Our furry animals live outdoors. I hate the cold, too, but I'm not supposing it's any colder for the dog than it is for the other livestock, and she can go in and out of the barn as she pleases.


----------



## Lisa in WA (Oct 11, 2004)

mamita said:


> bank if sun is shining) I have always heard it confused their coat also, but both mine still develope the ultra thick coat even when in all day.


With horses, it's the shorter days that trigger coat growth, not the temps. You can blanket a horse all you like and he'll still grow a winter coat. Show barns keep lights on to simulate daylight to try and suppress coat growth. I would think it's the same with dogs. 
Our animals grew big thick coats in Phoenix just like they do up here in northern Idaho.


----------



## meanwhile (Dec 13, 2007)

We have Lab mixes too. Chow mixed with Lab. They sleep in the barn inside a box built for them. It is about 4 feet wide by 3/5 feet high by 3 feet deep. It is too big really for just two dogs but they like it. In winter we put bales of pine straw in there. At first we only put one bale, they toss it about, then when it gets colder we add a 2nd bale and they toss it about. Later we will add another bale and by this time it is cold and they make "nests" in it and sleep side by side.

If you have some where for them to be out of the wind and at least have some pine straw, they should be OK. 
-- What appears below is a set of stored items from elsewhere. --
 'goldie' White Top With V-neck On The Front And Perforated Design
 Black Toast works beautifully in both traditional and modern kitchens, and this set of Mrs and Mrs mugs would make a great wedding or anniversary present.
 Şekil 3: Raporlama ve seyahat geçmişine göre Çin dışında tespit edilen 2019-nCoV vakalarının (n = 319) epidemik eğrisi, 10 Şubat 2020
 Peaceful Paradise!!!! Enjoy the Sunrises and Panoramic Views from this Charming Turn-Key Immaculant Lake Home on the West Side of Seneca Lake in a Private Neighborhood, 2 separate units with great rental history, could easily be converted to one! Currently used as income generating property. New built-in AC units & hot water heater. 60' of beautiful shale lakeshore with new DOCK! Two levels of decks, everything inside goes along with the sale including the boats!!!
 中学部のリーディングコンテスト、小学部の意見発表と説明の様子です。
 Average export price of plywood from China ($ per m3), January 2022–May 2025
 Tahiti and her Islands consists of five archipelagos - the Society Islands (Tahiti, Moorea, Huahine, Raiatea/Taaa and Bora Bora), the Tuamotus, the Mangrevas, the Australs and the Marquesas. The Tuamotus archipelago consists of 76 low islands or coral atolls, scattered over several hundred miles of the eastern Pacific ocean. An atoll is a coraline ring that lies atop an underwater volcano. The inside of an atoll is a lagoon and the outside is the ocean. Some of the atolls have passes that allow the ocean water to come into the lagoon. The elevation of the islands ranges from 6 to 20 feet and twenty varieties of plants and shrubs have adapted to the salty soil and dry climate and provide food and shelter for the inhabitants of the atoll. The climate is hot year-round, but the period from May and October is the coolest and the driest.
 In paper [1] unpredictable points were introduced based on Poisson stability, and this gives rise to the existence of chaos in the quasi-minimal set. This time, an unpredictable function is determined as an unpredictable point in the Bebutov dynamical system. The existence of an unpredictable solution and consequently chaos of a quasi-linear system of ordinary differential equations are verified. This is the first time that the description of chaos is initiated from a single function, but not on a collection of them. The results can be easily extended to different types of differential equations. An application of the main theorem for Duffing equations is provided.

But.....I bet they would rather sleep in your room!


----------



## shanzone2001 (Dec 3, 2009)

I wish I had a barn. That would solve the problem!!!


----------



## bluesky (Mar 22, 2008)

Our lab mixes, the long-haired momma dog, and our Newfie mix stay outside in all weather. They have lots of straw in their houses and we make sure they have plenty of water and food. The two terrier mixes, with their short hair and bare bellies, stay in the house.


----------



## Danaus29 (Sep 12, 2005)

Mom's Lab stays outside 24/7, he does have shelter and clean bedding. He likes to play in the snow and gets overheated quickly when brought in the house.

My neighbors collies are outdoor dogs which get put into an unheated garage at night. 
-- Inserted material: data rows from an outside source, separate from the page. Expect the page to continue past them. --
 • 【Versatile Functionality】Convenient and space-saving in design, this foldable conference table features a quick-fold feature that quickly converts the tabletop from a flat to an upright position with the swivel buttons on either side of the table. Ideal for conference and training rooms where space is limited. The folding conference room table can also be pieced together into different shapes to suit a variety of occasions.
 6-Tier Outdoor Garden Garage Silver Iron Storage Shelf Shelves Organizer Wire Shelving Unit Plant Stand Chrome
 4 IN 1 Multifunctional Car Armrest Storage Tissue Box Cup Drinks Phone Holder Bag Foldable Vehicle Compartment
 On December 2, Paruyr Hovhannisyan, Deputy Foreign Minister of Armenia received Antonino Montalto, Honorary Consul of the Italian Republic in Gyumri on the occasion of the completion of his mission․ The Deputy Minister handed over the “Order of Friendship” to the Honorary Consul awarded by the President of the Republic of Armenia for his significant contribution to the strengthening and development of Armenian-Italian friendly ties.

When we lived on the farm we never kept the dogs inside at night. They had the cattle barn to sleep in.


----------



## J.T.M. (Mar 2, 2008)

Dogs and cats belong outside here .I can remember as a kid going duck hunting with my uncle.That ol' black lab would bust thru. the ice to fetch the drop ,then ride soaken wet in the back of the truck on the way home.brrrrrrrrrrrrrrrrrrrr.


----------



## Michael W. Smith (Jun 2, 2002)

Out of the 5 dogs we now have - ALL of them are outside dogs.

The Great Pyr is the only dog I actually went and got - the remaining 4 were all strays or dogs that adopted us.

The Great Pyr is out in the goat / chicken coop. He can go in and out of the coop as he wants.
We have a Black Lab that adopted us. We have had him for at leat 5 years and he has survived the winters.
We have a Pitt Bull / ? mix with short hair that adopted us for at least 5 years. She has survived the winters.
We have a German Shepard / ? mix that adopted us about 3 years ago. He has survived the winters.
Our new dog that adopted us is a little short haired mutt dog. We wanted him to be a house dog but he didn't catch on to going outside to potty. We will see if he survives the winter.

All 4 of the dogs above have their own dog house. When it gets really cold (and I'm talking teens or below) then I add some straw. As long as the dog is acclimated to being outside - it is fine. And by acclimated - I mean it has spent the Fall / early Winter outside. I would never suggest you take a dog acclimated to sleeping in the house and throw it outside to live this time of year.


----------



## Lizza (Nov 30, 2005)

shanzone2001 said:


> I wish I had a barn. That would solve the problem!!!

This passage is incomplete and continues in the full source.